Exercise requirements. In the data below, find the line containing "Alce Nero organic" and the line containing "Black Studded Hoodie", then reproduce them and every line between, exactly. Omit pictures.

Data provided.
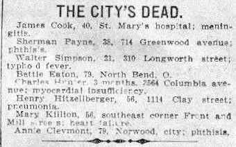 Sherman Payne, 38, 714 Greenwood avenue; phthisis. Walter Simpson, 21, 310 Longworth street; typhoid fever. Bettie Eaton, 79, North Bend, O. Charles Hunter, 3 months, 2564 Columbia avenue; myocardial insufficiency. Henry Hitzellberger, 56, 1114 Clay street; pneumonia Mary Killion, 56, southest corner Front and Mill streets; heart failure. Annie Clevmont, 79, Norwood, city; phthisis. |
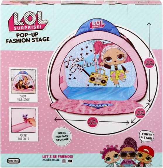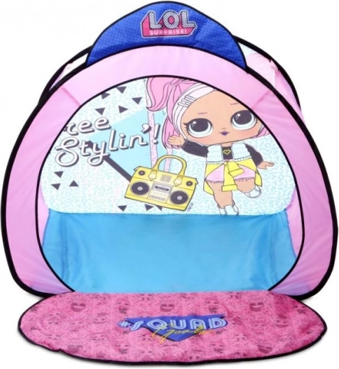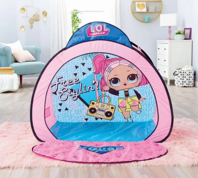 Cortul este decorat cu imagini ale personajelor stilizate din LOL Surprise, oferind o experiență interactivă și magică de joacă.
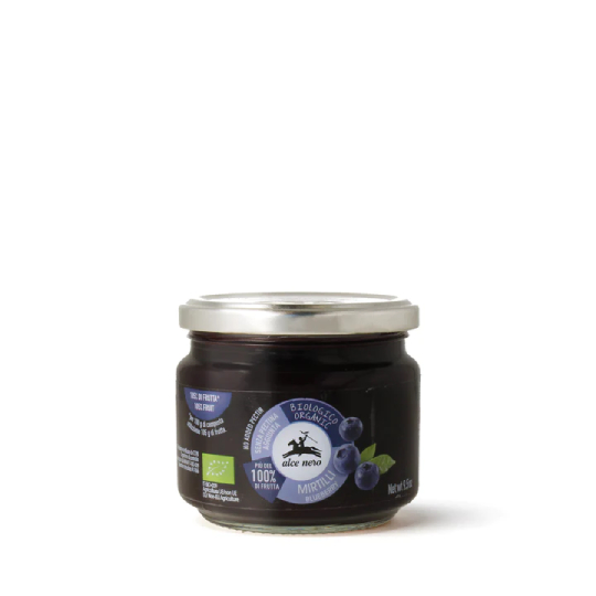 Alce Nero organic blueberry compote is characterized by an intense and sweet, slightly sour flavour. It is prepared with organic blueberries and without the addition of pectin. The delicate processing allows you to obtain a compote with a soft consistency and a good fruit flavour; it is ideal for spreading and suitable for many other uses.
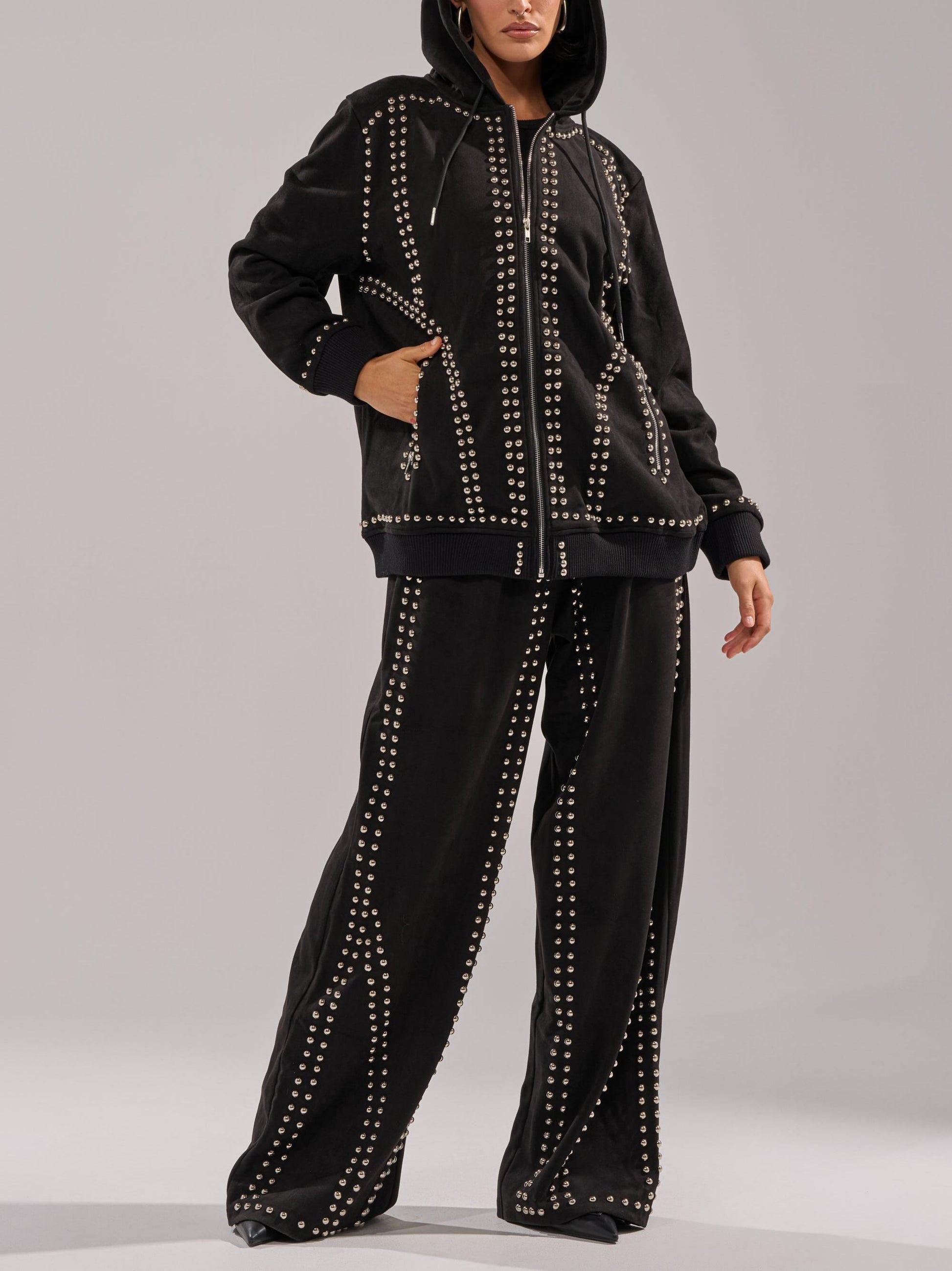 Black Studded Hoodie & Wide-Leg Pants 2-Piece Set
* * *
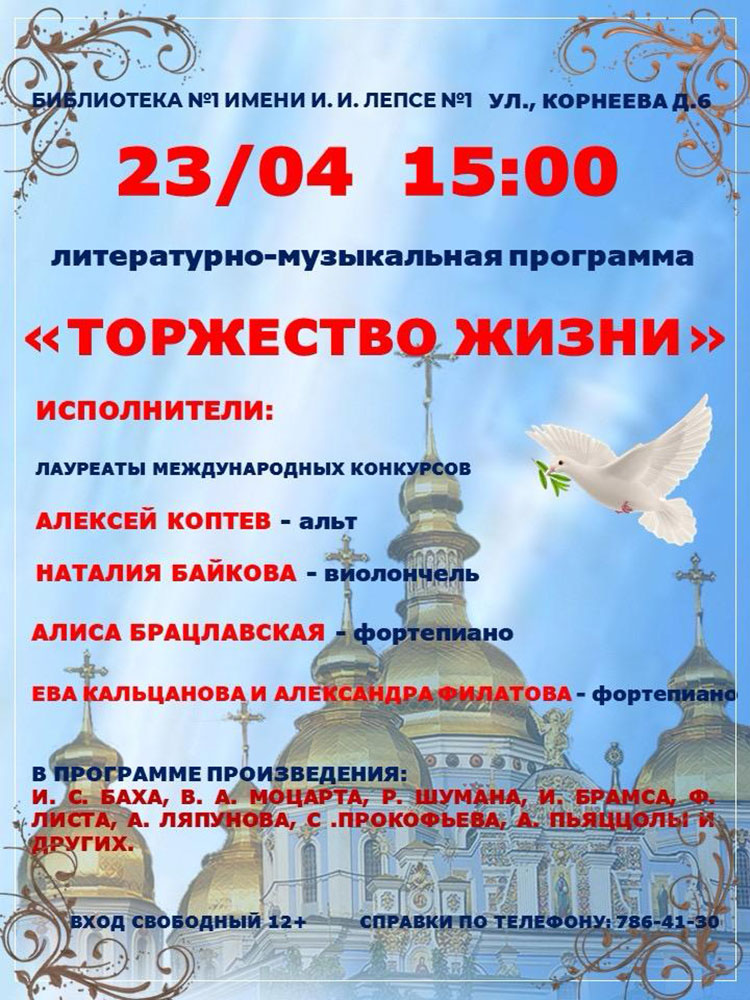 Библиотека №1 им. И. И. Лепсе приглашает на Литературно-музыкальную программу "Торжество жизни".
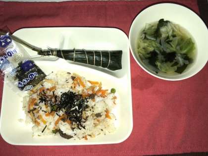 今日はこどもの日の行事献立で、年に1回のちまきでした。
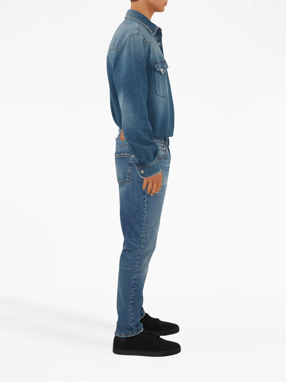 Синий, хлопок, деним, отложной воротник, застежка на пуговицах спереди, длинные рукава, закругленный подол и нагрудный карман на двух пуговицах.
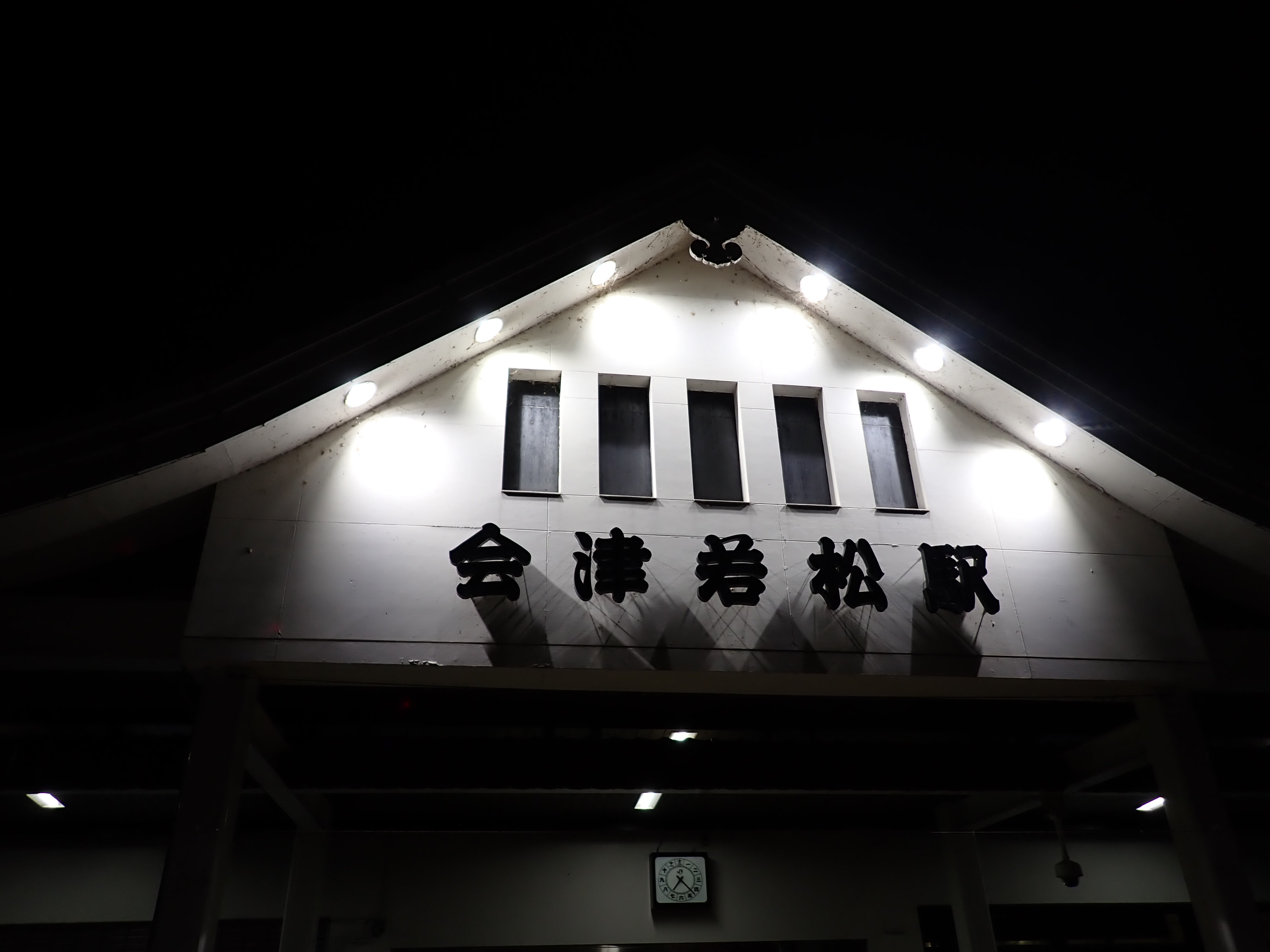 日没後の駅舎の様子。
...
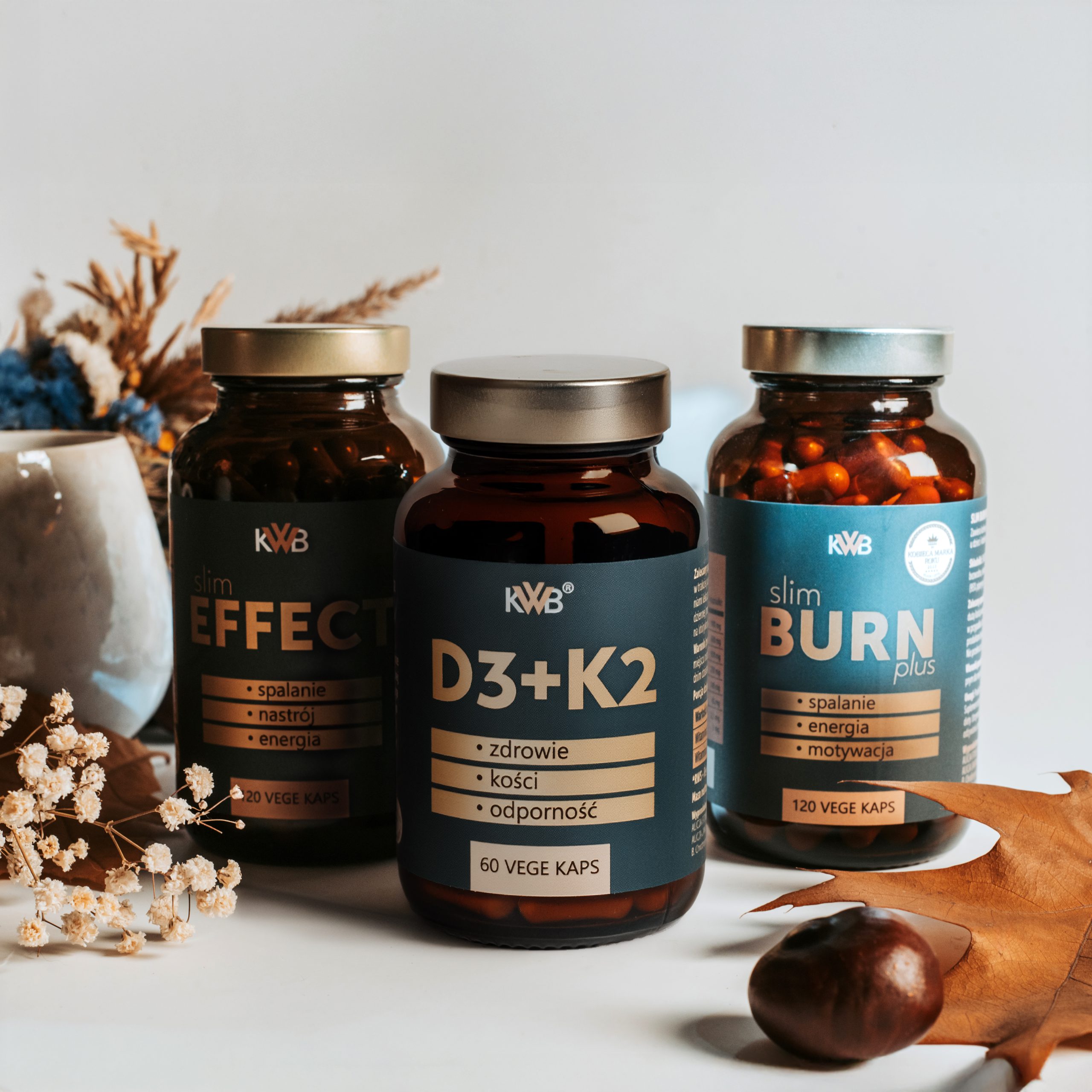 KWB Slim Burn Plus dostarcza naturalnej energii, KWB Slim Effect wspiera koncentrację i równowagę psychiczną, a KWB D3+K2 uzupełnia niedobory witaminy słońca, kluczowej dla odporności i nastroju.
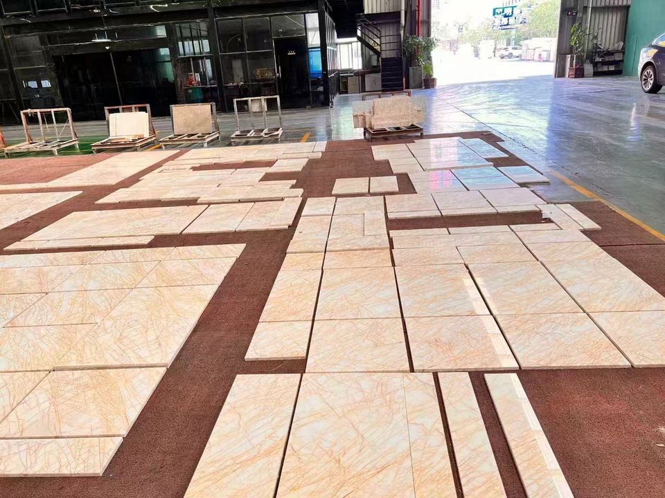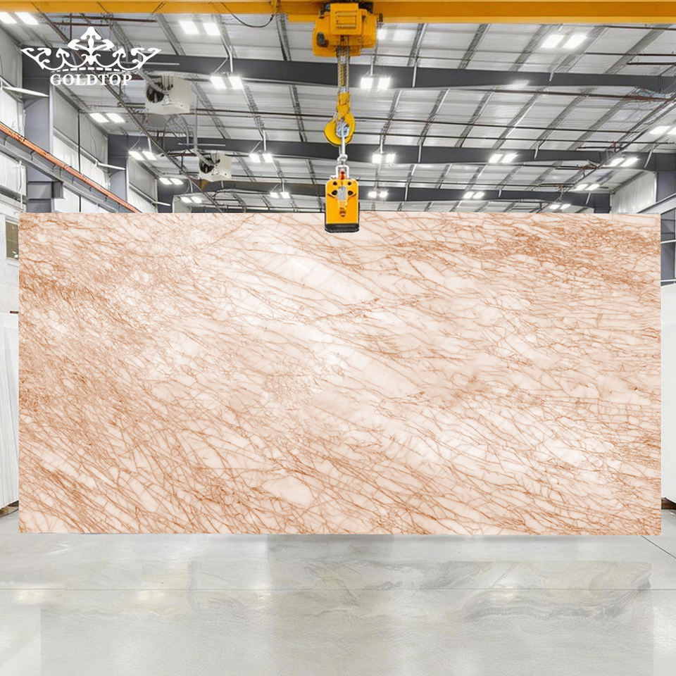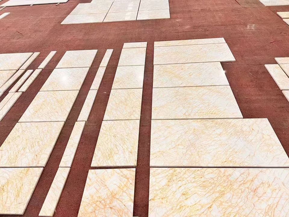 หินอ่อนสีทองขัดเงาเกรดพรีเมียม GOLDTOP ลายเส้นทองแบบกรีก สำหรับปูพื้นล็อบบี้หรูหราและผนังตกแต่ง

Result of this task.
 Alce Nero organic blueberry compote is characterized by an intense and sweet, slightly sour flavour. It is prepared with organic blueberries and without the addition of pectin. The delicate processing allows you to obtain a compote with a soft consistency and a good fruit flavour; it is ideal for spreading and suitable for many other uses.
 Black Studded Hoodie & Wide-Leg Pants 2-Piece Set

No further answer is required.